Apr 2, 2002, 10:18pm
Andras and myself came up with a new idea, he's preparing it as we speak :)

--Bowen--

[View Quote]

jerme

Apr 3, 2002, 12:12am
A while back I wrote a post about this....

..htaccess files use a part of the HTTP protocol to issue a username/password
challenge. Your browser (e.x. Internet Explores, Netscape) knows how to
accept this challenge (and display the appropriate dialogue asking for the
info), and how to reply with the correct information. The server looks at
the browser's reply, and decides (by comparing the info you gave to the
encrypted version that is stored on the server) to grant or deny access to
the requested file.

The AW browser does not know how to do either of these, and therefore would
fail to access a directory which is protected with a .htaccess file...

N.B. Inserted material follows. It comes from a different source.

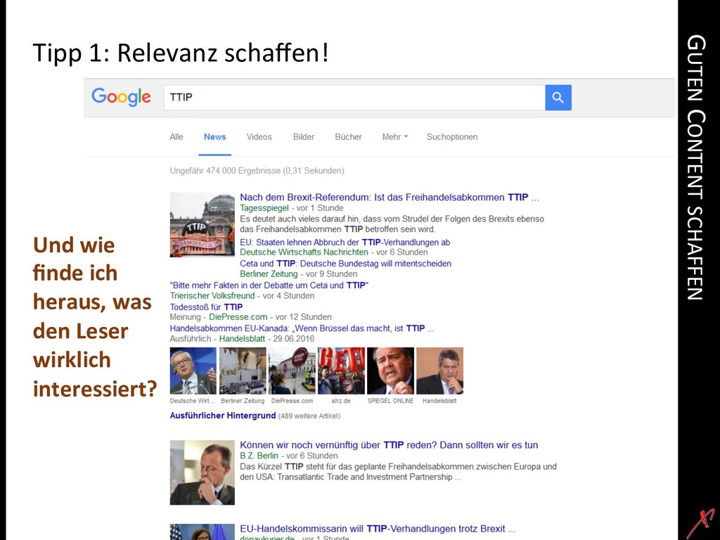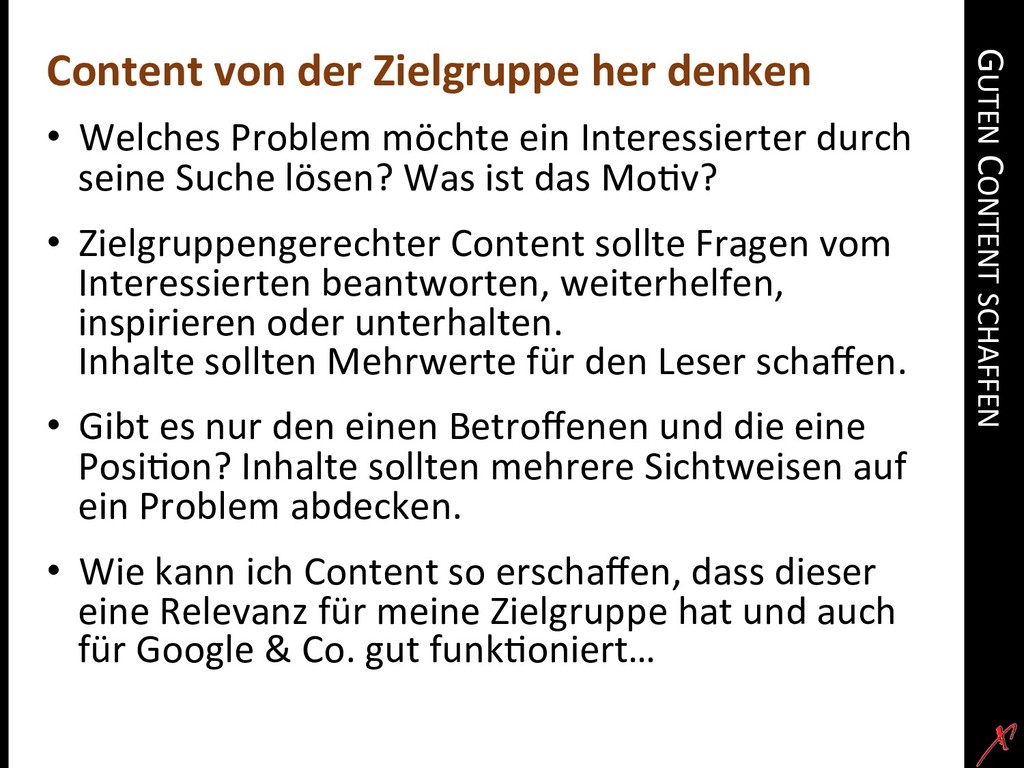 Welches Problem möchte ein Interessierter durch seine Suche lösen? Was ist das MoQv? • Zielgruppengerechter Content sollte Fragen vom Interessierten beantworten, weiterhelfen, inspirieren oder unterhalten. Inhalte sollten Mehrwerte für den Leser schaffen. • Gibt es nur den einen Betroffenen und die eine PosiQon? Inhalte sollten mehrere Sichtweisen auf ein Problem abdecken. • Wie kann ich Content so erschaffen, dass dieser eine Relevanz für meine Zielgruppe hat und auch für Google & Co. gut funkQoniert…

I'm not sure what andras is working on (see previous post by "silenced"),
however I'm very curious. Roland may also have something up his sleeve to
solve this problem.

What we need is some way for a server to identify the AW browser, so it can
distinguish between IE and AW. You could set your server (with URL rewrite
rules, or with cgi/php scripts) to deny access through IE. The obvious way
to do this would be to use the HTTP_USER_AGENT environment variable. (This
tells the server the name and version of your browser. e.x. Mozilla/4.0
(compatible; MSIE 6.0; Windows 98; Win 9x 4.90; Q312461))

The only problem with this: It would be extremely easy to forge this
information.. Once you knew what the HTTP_USER_AGENT variable held when an
AW browser requests and object, you can make any other program (including a
custom compiled version of IE) identify its self with the proper string.

This could be the simplest solution, fastest solution...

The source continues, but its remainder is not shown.